Large Language Models (LLMs) are powerful, but controlling them—making sure they follow instructions, avoid toxicity, or adhere to specific themes—remains one of the biggest challenges in AI safety. Currently, the industry relies heavily on prompting (asking the model nicely) and finetuning (retraining the model on new data). While effective, these methods have significant drawbacks: prompting can be circumvented by “jailbreaks,” and finetuning is computationally expensive and opaque.
Enter Representation Engineering. This emerging field hopes to open the “black box” of the neural network, identify the specific internal activations (or “neurons”) responsible for a concept, and manually tweak them to steer the model’s behavior. The holy grail of this field has recently been Sparse Autoencoders (SAEs)—unsupervised tools that decompose model activations into interpretable features.
But does this actually work better than the old methods?
A new paper titled AXBENCH: Steering LLMs? Even Simple Baselines Outperform Sparse Autoencoders drops a bombshell on the interpretability community. The researchers introduce a massive benchmark, AXBENCH, to rigorously test these methods. Their findings? The hyped unsupervised methods (like SAEs) are currently being outperformed by simple linear baselines and a new method they introduce called ReFT-r1.
In this post, we will tear down the paper, explain the AXBENCH framework, dissect the math behind the new ReFT-r1 method, and look at the surprising results that might reshape how we think about controlling AI.
The Problem: The Illusion of Control
To understand why this paper matters, we first need to understand the premise of steering.
When an LLM processes the word “Paris,” a specific pattern of numbers fires inside its hidden layers. If we could identify the specific “direction” in that mathematical space that represents “France,” we could theoretically add that vector to the model’s brain while it talks about “London,” forcing it to hallucinate a French version of the city.
This is Model Steering.
Researchers have proposed various ways to find these steering vectors:
- Supervised methods: Like taking the average difference between “happy” and “sad” sentences (Difference-in-Means).
- Unsupervised methods (SAEs): Training a separate, smaller network to scan the LLM’s brain and catalog millions of “features” (like “references to the 1990s” or “HTML code”) without human labels.
The problem is that, until now, we haven’t had a standardized way to measure if these fancy vectors are actually better than just prompting the model. Are we finding real concepts, or just noise?
Introducing AXBENCH
To solve the measurement crisis, the authors introduce AXBENCH. It is a large-scale benchmark designed to evaluate model control methods along two critical axes:
- Concept Detection (C): Can the method accurately find where a concept (e.g., “The Golden Gate Bridge”) exists in the model’s internal activations?
- Model Steering (S): Can the method use that information to force the model to talk about that concept?
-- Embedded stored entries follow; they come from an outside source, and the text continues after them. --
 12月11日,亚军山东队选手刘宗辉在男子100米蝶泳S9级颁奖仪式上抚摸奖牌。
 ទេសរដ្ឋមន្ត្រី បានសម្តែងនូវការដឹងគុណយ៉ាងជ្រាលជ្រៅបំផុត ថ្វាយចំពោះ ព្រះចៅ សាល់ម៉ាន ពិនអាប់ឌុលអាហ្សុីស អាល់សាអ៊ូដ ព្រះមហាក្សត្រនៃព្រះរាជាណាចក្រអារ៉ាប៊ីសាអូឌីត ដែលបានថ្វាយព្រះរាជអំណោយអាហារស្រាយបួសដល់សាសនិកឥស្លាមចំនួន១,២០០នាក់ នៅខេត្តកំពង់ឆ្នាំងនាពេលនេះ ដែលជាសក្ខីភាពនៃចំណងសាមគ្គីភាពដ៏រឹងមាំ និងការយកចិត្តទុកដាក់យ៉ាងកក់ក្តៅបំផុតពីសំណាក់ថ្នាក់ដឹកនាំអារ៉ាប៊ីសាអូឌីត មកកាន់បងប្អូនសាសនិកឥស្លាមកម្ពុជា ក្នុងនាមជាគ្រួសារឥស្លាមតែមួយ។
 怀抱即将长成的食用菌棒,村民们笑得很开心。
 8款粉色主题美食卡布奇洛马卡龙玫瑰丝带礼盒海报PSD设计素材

As shown in Figure 2 above, the benchmark relies on Synthetic Data. The researchers used GPT-4 to generate thousands of examples for 500 specific concepts (derived from GemmaScope).
For a concept like “The Golden Gate Bridge,” they generate:
- Positive examples: Sentences about the bridge.
- Negative examples: Sentences about totally different things.
- Hard Negatives: Sentences about the “Bay Bridge” (to ensure the method isn’t just detecting “bridges” in general).
This creates a ground truth. If a method claims to have found the “Golden Gate Bridge” neuron, AXBENCH checks if that neuron actually fires on the positive examples and stays silent on the negatives.
The Contenders: From Simple to Complex
The paper pits several methods against each other. It is crucial to understand the hierarchy here:
- The Baselines:
- Prompting: Just telling the model “Talk about the Golden Gate Bridge.”
- SFT / LoRA: Finetuning the model weights on the data.
- The Simple Steering Methods:
- DiffMean (Difference-in-Means): You take the average representation of positive examples and subtract the average of negative examples.
- Probe: Training a simple linear classifier (logistic regression) to separate positive and negative examples.
- The Complex/Unsupervised Method:
- SAE (Sparse Autoencoders): Using massive, pretrained dictionaries of features to find the concept without looking at the labels.
- The New Challenger:
- ReFT-r1 (Rank-1 Representation Finetuning): A novel method introduced in this paper.
Deep Dive: What is ReFT-r1?
The authors propose ReFT-r1 as a “Supervised Dictionary Learning” (SDL) method. It is designed to bridge the gap between the accuracy of supervised methods and the interpretability of representation engineering.
ReFT-r1 is unique because it learns a specific direction (a rank-1 subspace) for a concept by optimizing two things simultaneously: detection and steering.
First, it defines a detection score. For a hidden state \(h_i\), the presence of the concept is calculated using a learned vector \(\mathbf{w}_{\text{ReFT-r1}}\):

The ReLU ensures that negative matches result in zero activation—we only care if the concept is present, not if it’s “anti-present.”
Next, it defines how to steer. If the concept is detected, ReFT-r1 modifies the hidden state by adding the vector back into the stream. The magnitude of this addition depends on how strong the detection was (specifically, the L1 norm of the top-k activations):

Finally, how do we train this? The objective function tries to minimize the standard Language Modeling loss (making the model predict the next token correctly) while the intervention is active. It also includes a sparsity penalty to ensure the concept vector is clean and doesn’t activate on irrelevant things.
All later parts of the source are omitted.